Ok, so hang on, God created the Garden of Eden, a perfect place where humans could live in eternal peace, whilst he kept all the effects of the dangerous and nasty things at bay.
But then for a small transgression, they were kicked out of the Garden
forever, because God apparently is an excessively and sadistically harsh parent, banished into the hostile world beyond.

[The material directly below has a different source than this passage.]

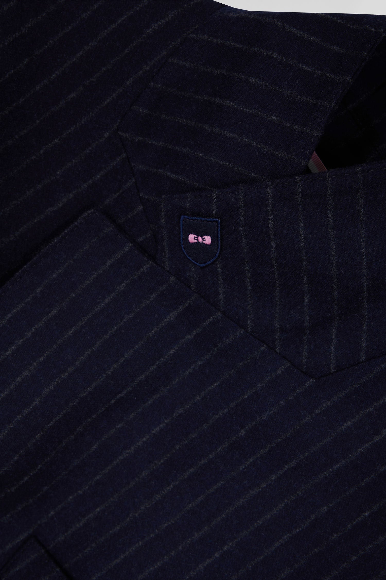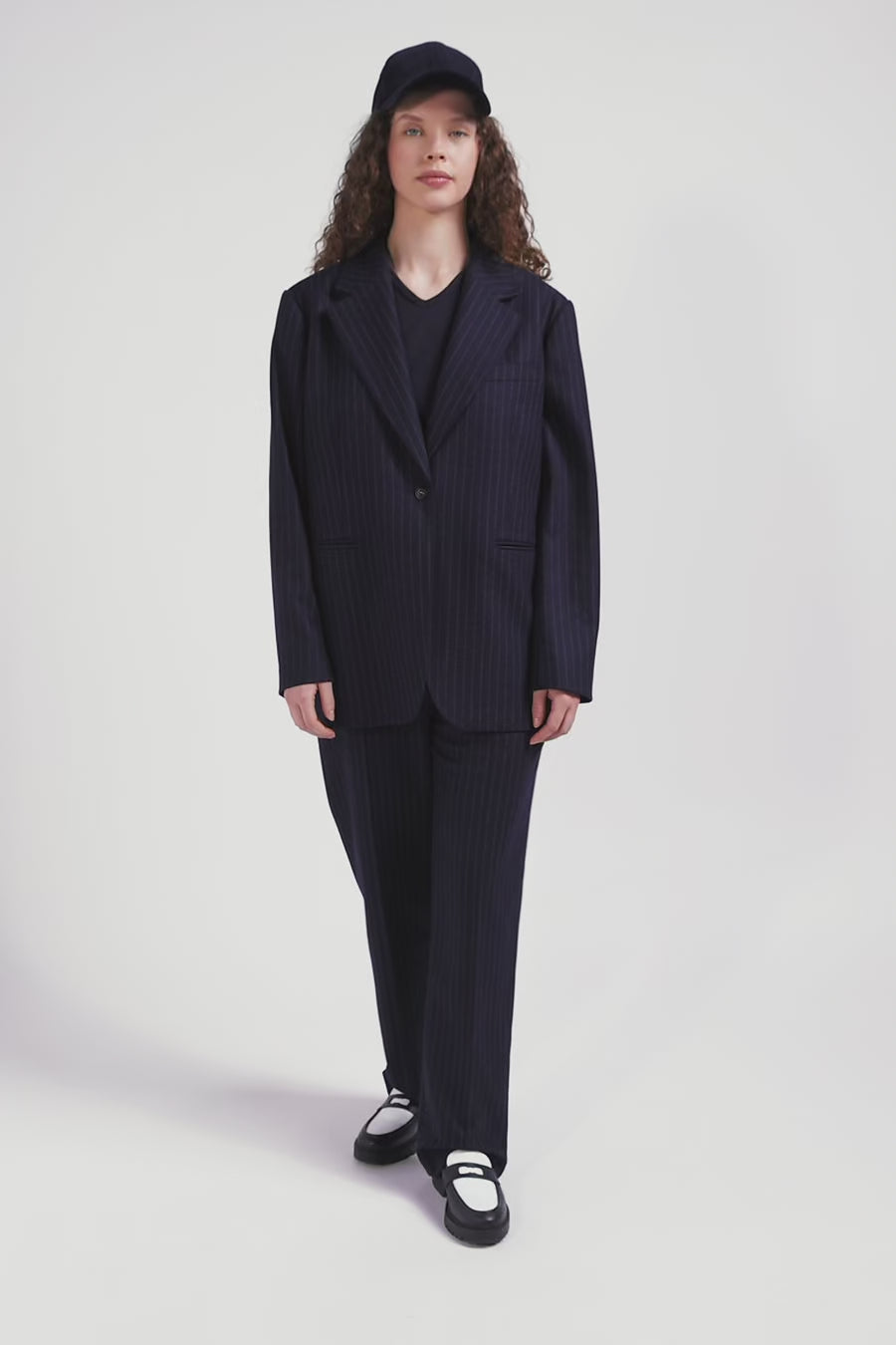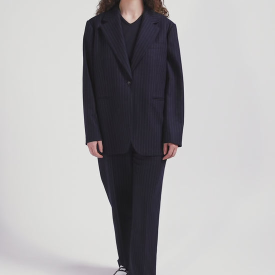 This navy-blue wool blazer, characterized by vertical white stripes known as "chalk stripes", features a modern Oversized cut that's wildly on-trend. Ideal to wear with matching pants for a complete feminine suit revisited, this navy suit jacket offers a sophisticated and sharp approach to traditional tailoring. Perfect for business events or more androgynous days out.

Question then: Why exactly would God even create such a manner of hostile environment in the first place? Why even create organisms that even have the potential to be harmful to other things? (And of course it's been brought up already, but what the hell: Why would he allow dangerous entities to get inside the Garden? "Yes, it's a perfect awesome peaceful place - Oh by the way, the embodiment of Evil itself also lives in here, and I
really don't feel like going to the trouble of asking him to leave, just a heads-up on that.")
...
Humans were never perfect. It was made abundantly clear that humans were never perfect. Don't try and use knowledge you think you have, because it's obvious you don't have it.
...
Humans were never perfect?
Ok, so God makes imperfect humans - meaning he created them along with a list of known issues. (Human-run manufacturers actually do this, particularly for things like microcontrollers or processors. They publish the errata data so that customers can work around problems until the next silicon revision hits the market.)
So we've got imperfect humans with known flaws.
Then one of the humans performs a behavior that is due to one of these flaws.
Then God punishes the humans (and
all of their offspring) because they performed within expected parameters.
...yeah.
Originally Posted by
torpid
Agreed; Any "god" that is willing to condemn all humans for all of eternity to being mortals for something one human being did {thousands/millions} of years ago and thereby subject all generations to mutations and the like clearly lacks ethics and doesn't care about any human beings enough to actually interact with them.
This must be that mythical god atheists don't believe in but always reference. Never really figured your antireligion out...
Yes, exactly. The mythical Christian God.